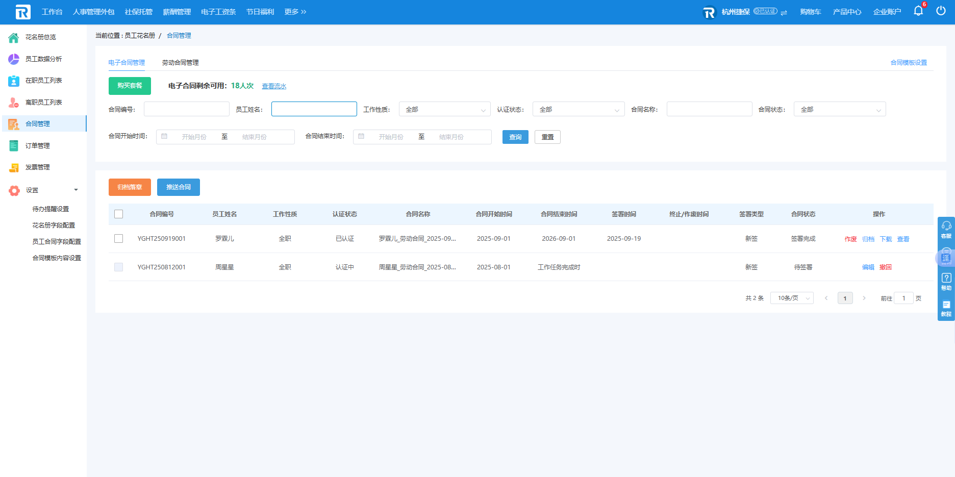合同管理包含电子合同管理和劳动合同管理两大类目,电子合同管理展示公司目前电子合同剩余可用人次以及电子合同生效中的员工列表,企业可对已签署完成的电子合同进行归档,待签署的电子合同支持撤回和编辑。
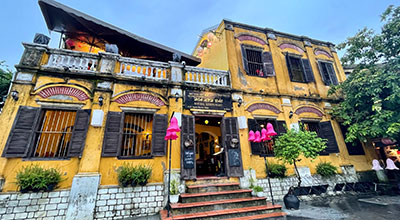 ホイアンの中心を流れるトゥボン川沿いにある好立地のレストラン。ホイアンと日本の文化交流を再現した店内では、ホイアン料理やベトナム料理をお召し上がりいただけます。テラス席では幻想的な灯篭流しを眺めながら食事を楽しむこともできます。
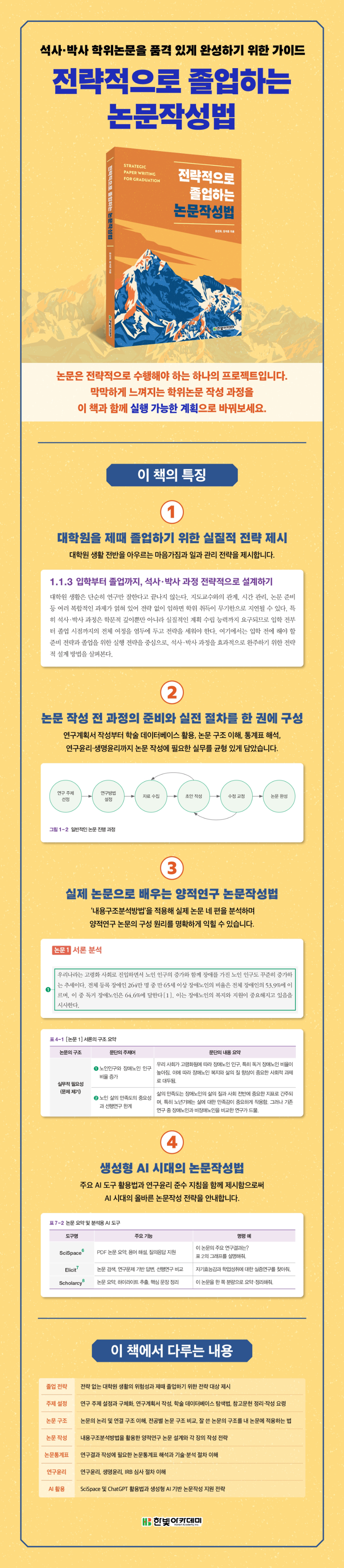 『전략적으로 졸업하는 논문작성법』은 단순히 논문 쓰는 법을 소개하는 책이 아닙니다. 저자진의 집필 과정과 지도 경험을 바탕으로, 연구자가 주제를 어떻게 탐색하고 논문의 구조를 세우며 완성해가는지를 입체적으로 보여줍니다. 저자진은 수년간 논문작성법과 연구설계를 지도하면서 많은 대학원생과 초보 연구자가 논문 집필 시 막히는 지점을 정확히 파악해 왔습니다. 이 책은 그 지점을 정면으로 다룹니다. 특히 4장은 실제 논문을 기반으로 양적연구 논문의 흐름과 구조를 시각적으로 보여주며 ‘논문은 이렇게 구성된다’를 독자가 체감할 수 있도록 구성했습니다. 더불어 7장에서는 생성형 AI 시대에 연구자가 무엇을 스스로 판단하고 어디까지 도구를 활용해야 할지에 대해 저자진의 실제 집필 사례와 경험적 기준을 공유함으로써, 기술의 편의성에 온전히 기대지 않고 연구자가 중심을 잃지 않는 글쓰기 전략을 제시합니다. 논문이라는 장기 프로젝트를 이끌 때 실질적인 지침이 필요한 독자에게 이 책은 막연함을 전략으로 전환하는 데 필요한 통찰을 제공할 것입니다.
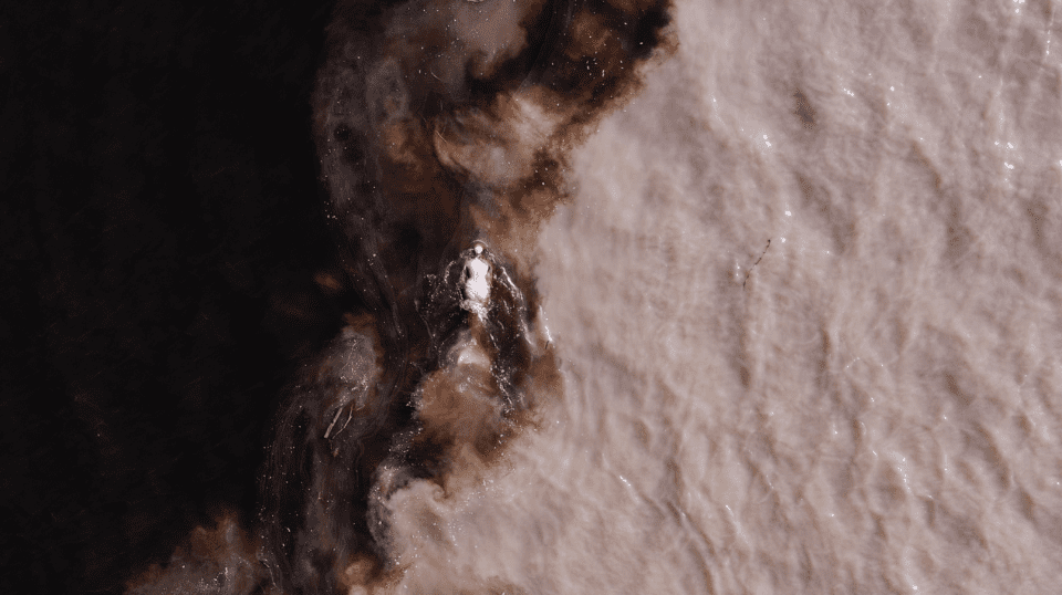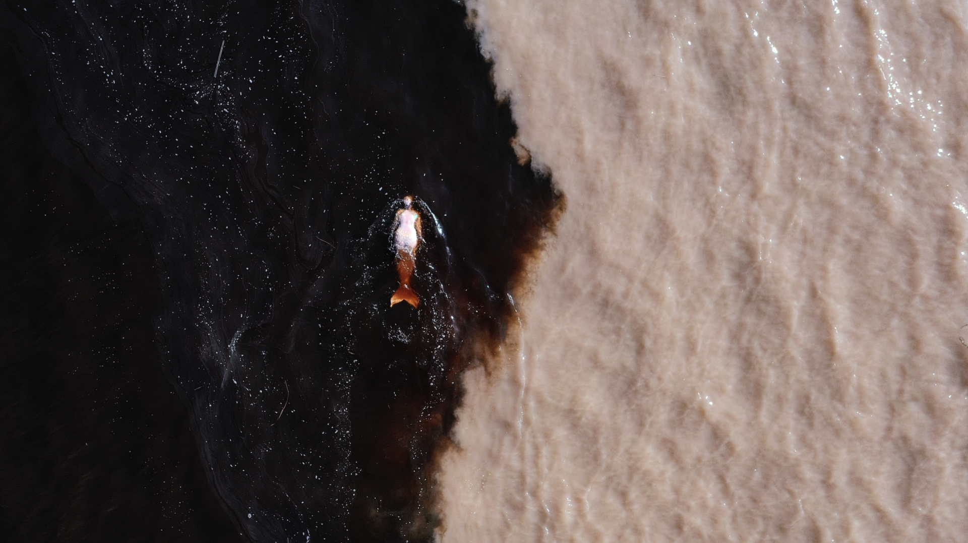 Æqualia (2023) is the third in a trilogy of films featuring an imagined pantheon of feminine deities. The piece was filmed in various confluences of rivers, sites historically used as centres for extraction. In it, the artist embodies a vision of a post-human chimera – part pink-river dolphin, part siren – swimming through the waters of the Amazon Basin. She glides through the six-kilometre confluence where the milk-white Rio Solimões, thick with silts and clays from the high Andes, meets the Rio Negro, darkened by the decay of lowland forests. The sight of the two waters colliding infers the complexity of our reality. It hints at the blending of past, present and future, as well as the destructive forces of capital on the region’s ecology.
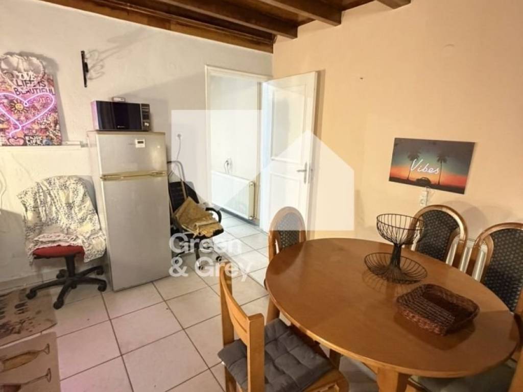 Ground floor 2-level house in the Kalamaria-Voulgari area, built in 1982. The ground floor 50 sq m consists of a living room, bathroom and separate kitchen. While the first floor (attic) 40 sq m consists of a small hall like a vestibule with a wardrobe where to the right and left of it are the 2 spacious bedrooms. The house is furnished, more specifically: it has 2 sofas, electric fireplace, smart TV in the living room, electrical appliances in the kitchen and a circular dining room. There is 300mbps fiber optic ideal for those who work from home. There is the possibility of traveling by metro but also by urban transport.
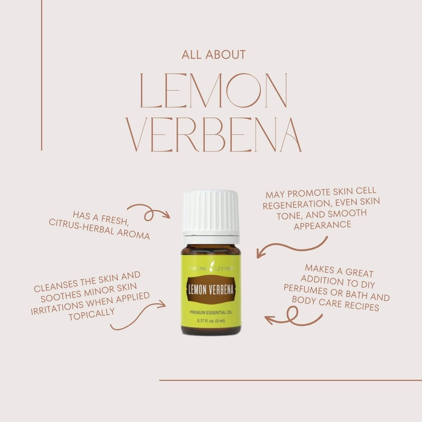 Add 15 drops of Lemon Verbena to diluted Thieves Household Cleaner for a daily spray.
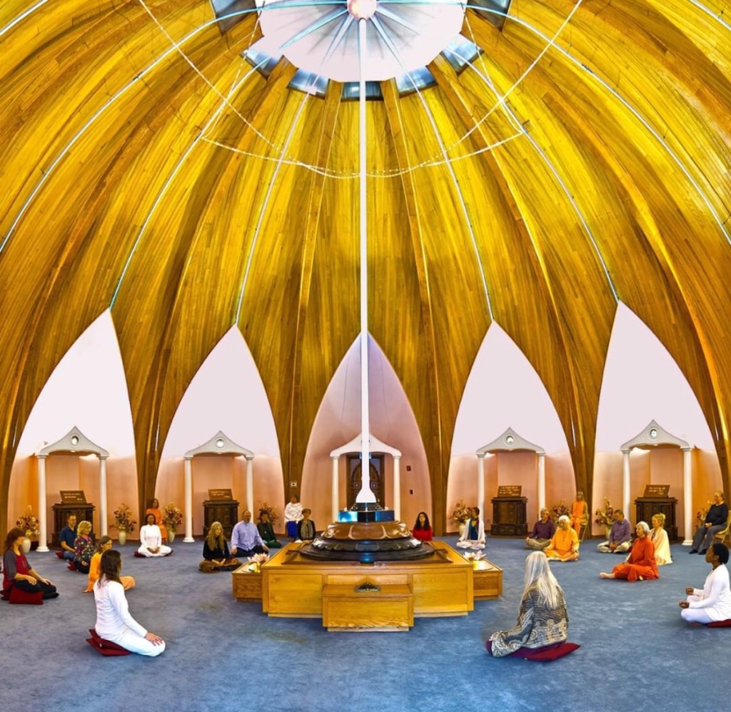 Meditation session in the Light of Truth Universal Shrine, from Facebook: Satchidananda Ashram, Yogaville.
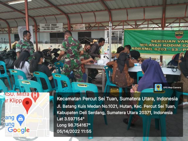 Bertempat di Halaman Masjid Al Firdaus Jln Besar Medan Batang Kuis Desa Bandar Klippa Koramil 0201-13/PST kembali mengadakan Serbuan Vaksinasi Kodam I/BB untuk Vaksin 1, 2 dan 3 Boster bagi seluruh warga wilayah Kodim 0201/Medan khususnya warga Kec Percut Sei Tuan. Sabtu (14/5/2022)
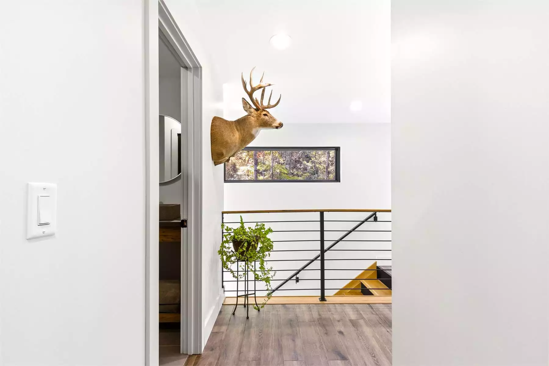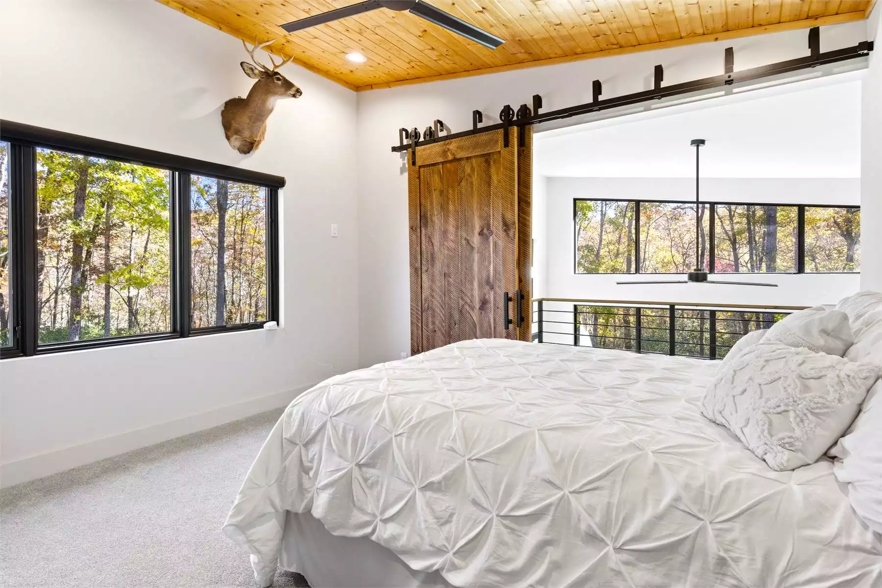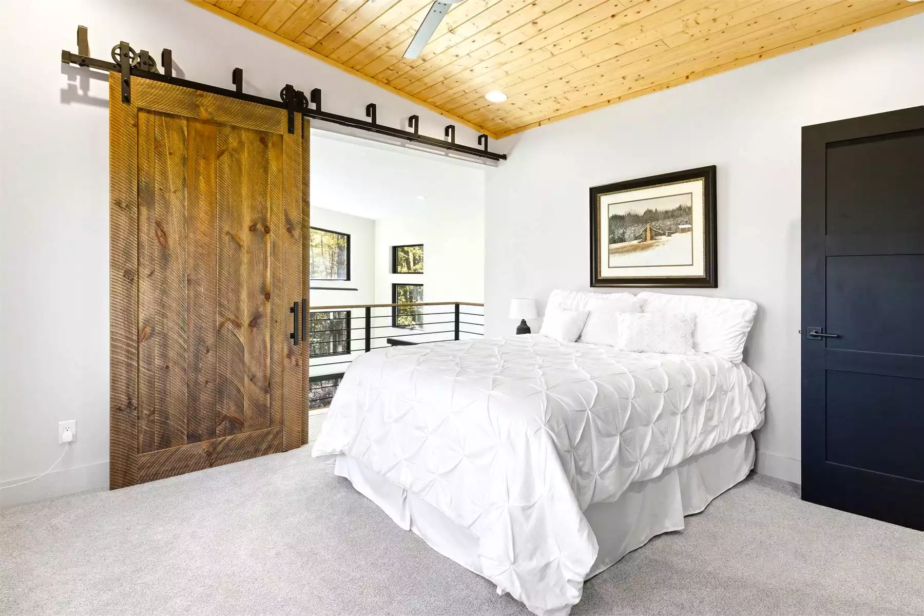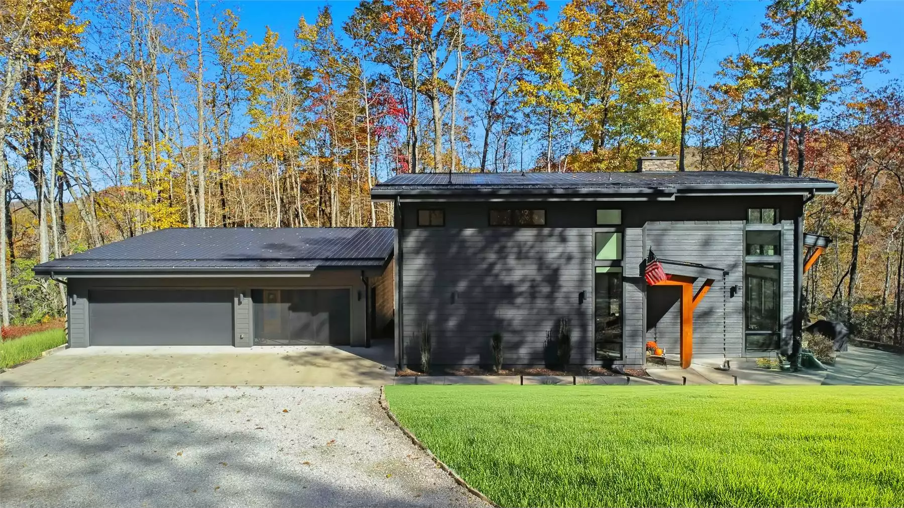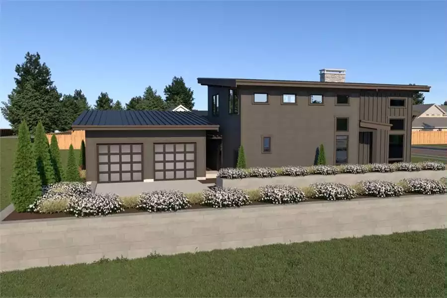 House Plan 11879 is a unique contemporary home perfectly suited for year-round or vacation living with its view-capturing design. It offers 2,102 square feet with three bedrooms and two-and-a-half baths split on two levels, so it also checks the boxes for most families. Step inside and the great room is front and center with a two-story vaulted living space with floor-to-ceiling windows. The island kitchen and dining area overlook the living area to share in the views, too! The primary suite is placed on one side and boasts indoor/outdoor connection with patio doors and transom windows in the front bedroom as well as large windows in the rear five-piece bath. The powder room and laundry/mudroom that connects to the side-entry rear garage round out this level. Head up the stairs by the front entry and you'll come to a landing hallway with a bathroom and the final two bedrooms. The rear-facing bedroom looks out over the garage while the front bedroom has side windows and opens up to look over the great room when you slide the barn door away!
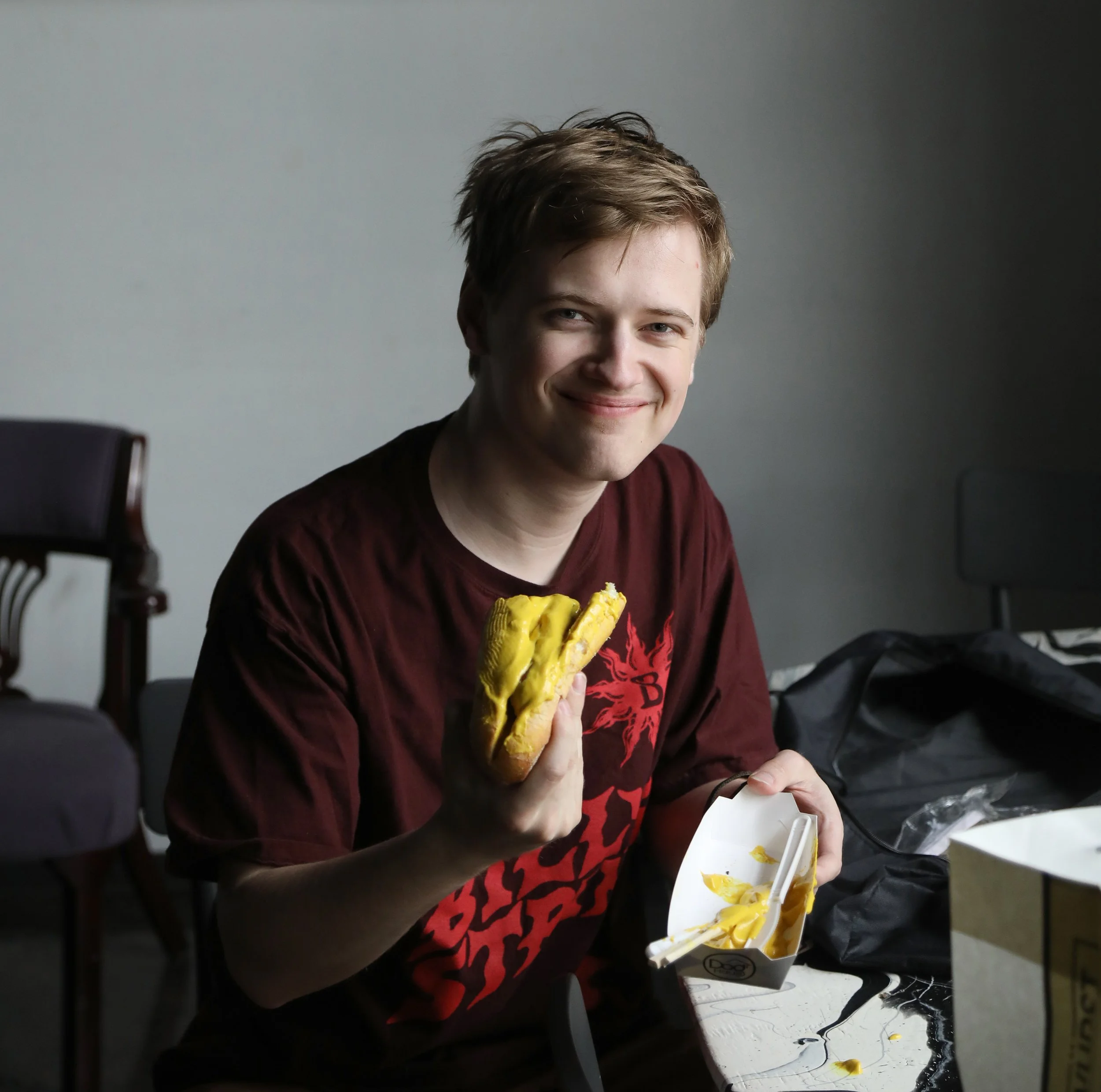 John laughed for a full minute. I felt stupid for not realizing Ian was joking — and that this was actually a great idea. John was all in. We agreed to shoot the next day and bought four hot dogs from the stand down the block. While John ate two, I set up and my son Nicholas came to help. Now it’s time. Standing on a trash bag, John held mustard in his left hand and chopsticks in his right while we shot quickly. You can only put so much mustard on a hot dog before it’s unrecognizable, and John’s right hand must’ve been sore from the chopsticks. When we finished, Nicholas accepted the prop hot dog. After wiping most of the mustard off with a plastic knife, it was good to go, so he sat down to eat.

About this exercise:
Only one stretch of the listing is wanted: the lines starting at the one with "Add 15 drops" and ending at the one with "Bertempat di Halaman", copied exactly and free of pictures.

Solution to this problem:
 Add 15 drops of Lemon Verbena to diluted Thieves Household Cleaner for a daily spray.
 Meditation session in the Light of Truth Universal Shrine, from Facebook: Satchidananda Ashram, Yogaville.
 Bertempat di Halaman Masjid Al Firdaus Jln Besar Medan Batang Kuis Desa Bandar Klippa Koramil 0201-13/PST kembali mengadakan Serbuan Vaksinasi Kodam I/BB untuk Vaksin 1, 2 dan 3 Boster bagi seluruh warga wilayah Kodim 0201/Medan khususnya warga Kec Percut Sei Tuan. Sabtu (14/5/2022)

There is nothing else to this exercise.